Japoński twórca internetowy został aresztowany pod zarzutem naruszenia praw autorskich. Bez zgody ich właściciela opublikował bowiem materiał zawierający zakończenie gry Steins;Gate: Hiyoku Renri no Darling – mężczyzna miał ponadto zarabiać na tym filmie oraz otrzymywać przychody z reklam. Jak się jednak okazuje, to nie pierwszy tego typu występek w jego życiu. Przyjrzyjmy się sprawie nieco bliżej, bo wydaje się naprawdę intrygująca.
YouTuber znalazł się w więzieniu, bo złamał prawa autorskie
The Content Overseas Distribution Agency (CODA) opisuje treści wstawiane przez YouTubera jako “fast content”, co jest dosyć popularnym gatunkiem na terenie Japonii. Polega on na skracaniu danego dzieła (gra, serial, film) poprzez podsumowanie przedstawianych tam wydarzeń. Wszystko to najczęściej okraszone jest stosownymi podpisami bądź głosową narracją. Istnieje także podgatunek zawartości o nazwie „netabare”, gdzie pokazane są zakończenia konkretnych produkcji lub zwroty akcji w nich występujące.
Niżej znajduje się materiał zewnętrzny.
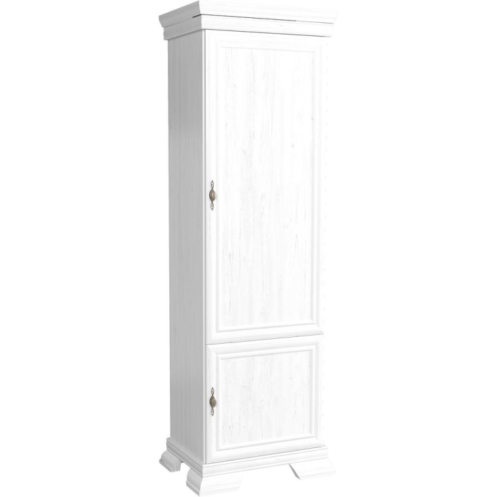 The one-door wardrobe from the Kora collection consists of a two-door section. Inside, there are three shelves behind the upper front. The wardrobe provides plenty of storage space while helping you to keep the room tidy. The wardrobe is made of laminated furniture board with increased resistance to damage, moisture and high temperatures. The wardrobe is stained in Anderson pine, which adds a tasteful finish to the piece. Decorative fronts with matching handles, solid construction and tasteful finials are characteristic features of the furniture. It is sure to appeal to the refined tastes of anyone who appreciates timeless beauty.
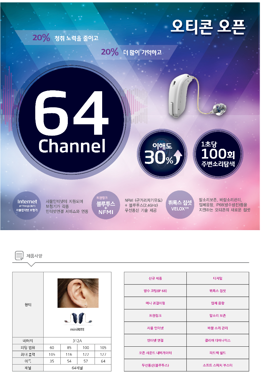 새로이 도입된 뷔룩스(Velox) 칩셋은 오티콘의 브레인 히어링 기술력을 지원함.
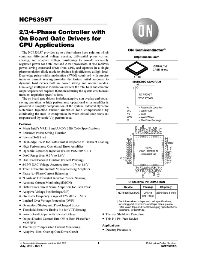 NCP5395T 2/3/4-Phase Controller with Gate Drivers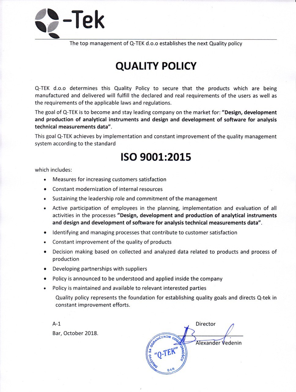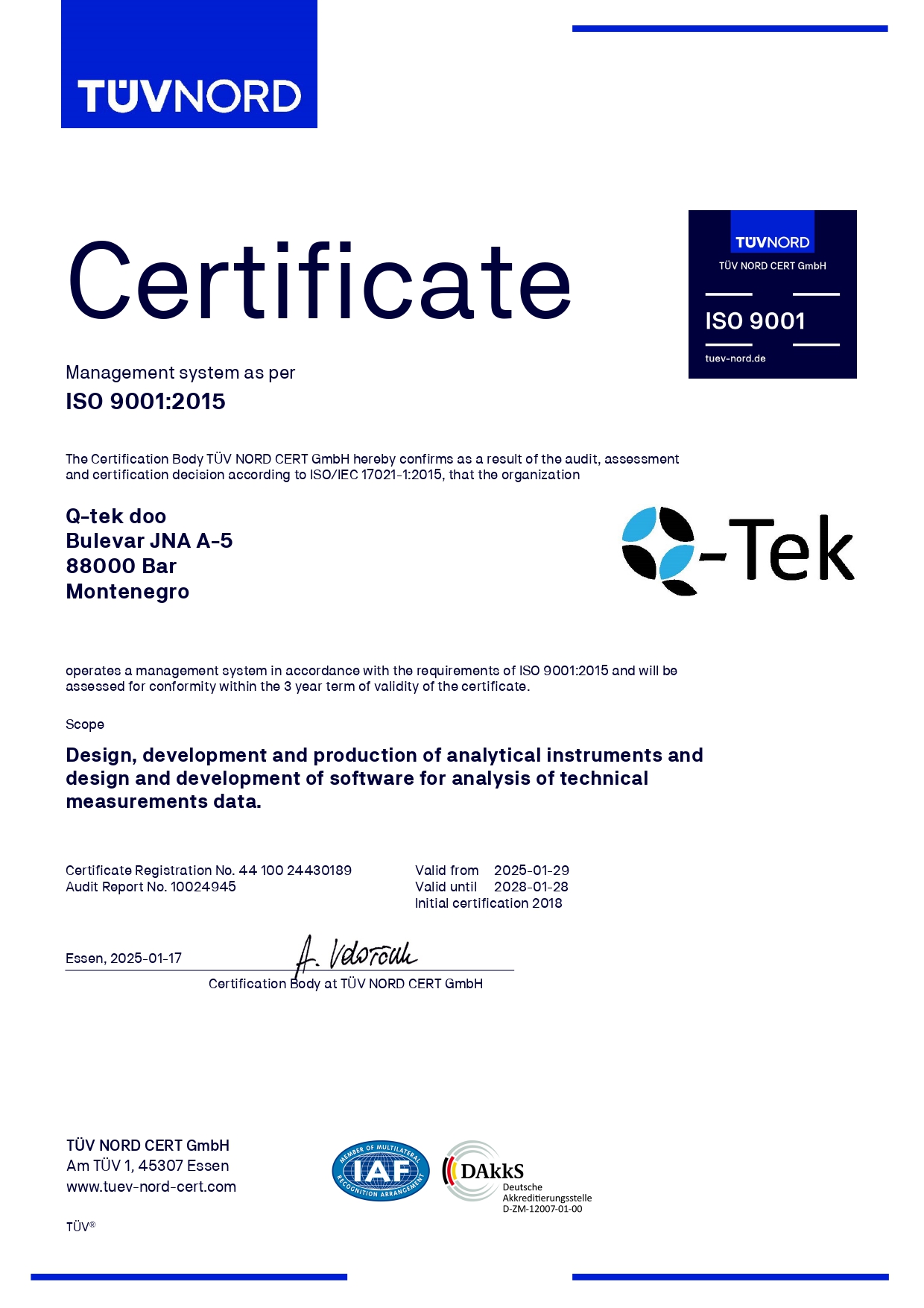 Q-tek applies Quality Management System certified according to ISO9001:2015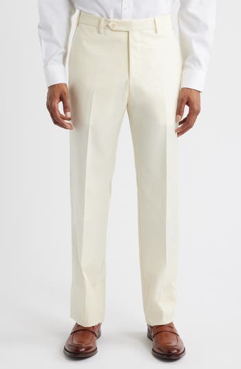Worsted-wool twill brings polish and versatility to dress pants styled with traditional flat-front construction in a tailored fit that sits comfortably just above the hips. Crisp creases down the legs add smart detailing that complements any formal or semiformal look.

Na pierwszy rzut oka nie wydaje się to szokujące, lecz problem rodzi się wtedy, gdy tego typu materiały niwelują potrzebę zakupu wybranej zawartości. Tak jest w przypadku wyżej wspomnianej gry Steins;Gate: Hiyoku Renri no Darling należącej do gatunku visual novel, gdzie głównym zadaniem konsumenta jest czytanie wyświetlanego teksu. Dlatego też skracanie tego typu projektów jest postrzegane jako złamanie praw autorskich – zwłaszcza że ich właściciel sam postanowił zgłosić materiały publikowane przez influencera.
Źródło: Nitroplus
52-letni Shinobu Yoshida czeka obecnie na proces i jak się okazuje – to pierwsze aresztowanie w Japonii związane z udostępnieniem materiału z gry wideo. Zagraniczne portale wskazują, że istnieje ogromne prawdopodobieństwo, iż to pierwsza taka sytuacja na całym świecie. CODA jest przekonana o winie twórcy, zwłaszcza że nielegalną działalność na YouTube prowadzić ma już od 2019 roku – wtedy też zaczął zamieszczać klipy teoretycznie łamiące prawa autorskie. Poza tym czerpał z nich zyski materialne, co także jest dosyć istotne.
Podejrzany dodatkowo przyznał się do zarzutów i jak sam twierdzi: od początku zdawał sobie sprawę, iż nie działa zgodnie z prawem. Teraz pozostaje czekać na rozwój wydarzeń.